On 8/12/18 10:57 AM, Martin Buchholz wrote:
> If delegating to nlz is the winner so far, we should be able to do at 
> least as well by inlining nlz into ntz and then looking for more 
> optimizations.  Following this strategy leads naturally to
>     static int ntz_inlineNlz2(int i) {
>         i &= -i;
>         if (i <= 0) return 32 - (i >>> 31);
>         int n = 0;
>         if (i >= 1 << 16) { n += 16; i >>>= 16; }
>         if (i >= 1 <<  8) { n +=  8; i >>>=  8; }
>         if (i >= 1 <<  4) { n +=  4; i >>>=  4; }
>         if (i >= 1 <<  2) { n +=  2; i >>>=  2; }
>         return n + (i >>> 1);
>     }
Right.  The variant numberOfLeadingZeros_01() from the benchmark is very 
close to this, though you've got better handling of (i <= 0) case, so I 
added it as numberOfLeadingZeros_01a() with a minor modification.

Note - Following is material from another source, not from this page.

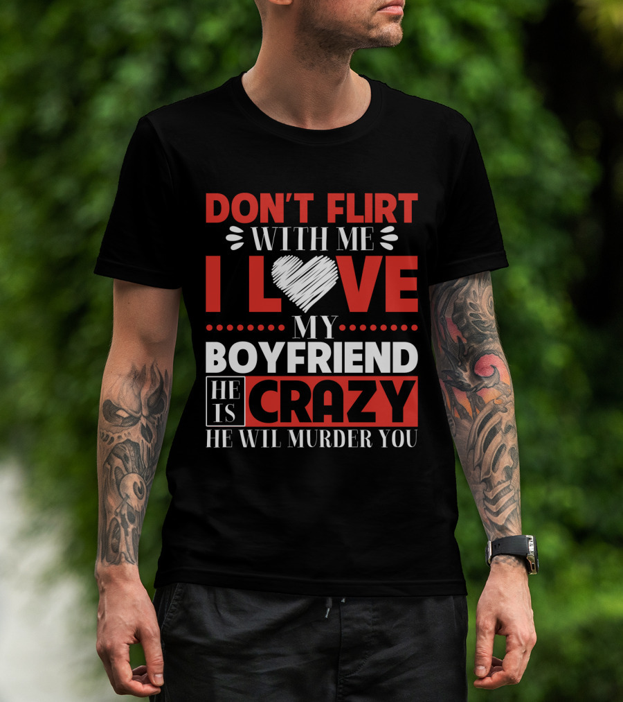 DON'T FLIRT WITH ME I LOVE MY BOYFRIEND HE IS CRAZY HE WILL MURDER YOU T-Shirt

> which should save a branch and so should be a benchmark winner.
> A reason why delegating to nlz may have beat my previous attempt is 
> because direct comparison with a constant is an operation the hardware 
> tries hard to optimize, e.g. branch predict.
> Most of the comparisons should be false in practice because "most ints 
> are small".
> I also see that our nlz implementation favors small integers, which 
> helps with ntz.
> It's possible that benchmarking may cause branches to be very highly 
> predictable.  It should be more real-world for each benchmark method 
> to see a variety of inputs, perhaps in an array.
Okay.  Now I tried to combine calculating of several results in one 
iteration of benchmark to make it harder to predict branches :)
Surprisingly, this made the variant 05 (reducing to nlz) the leader, for 
which I don't have a good explanation, as it does strictly more 
calculations than 01 or 01a even after inlining.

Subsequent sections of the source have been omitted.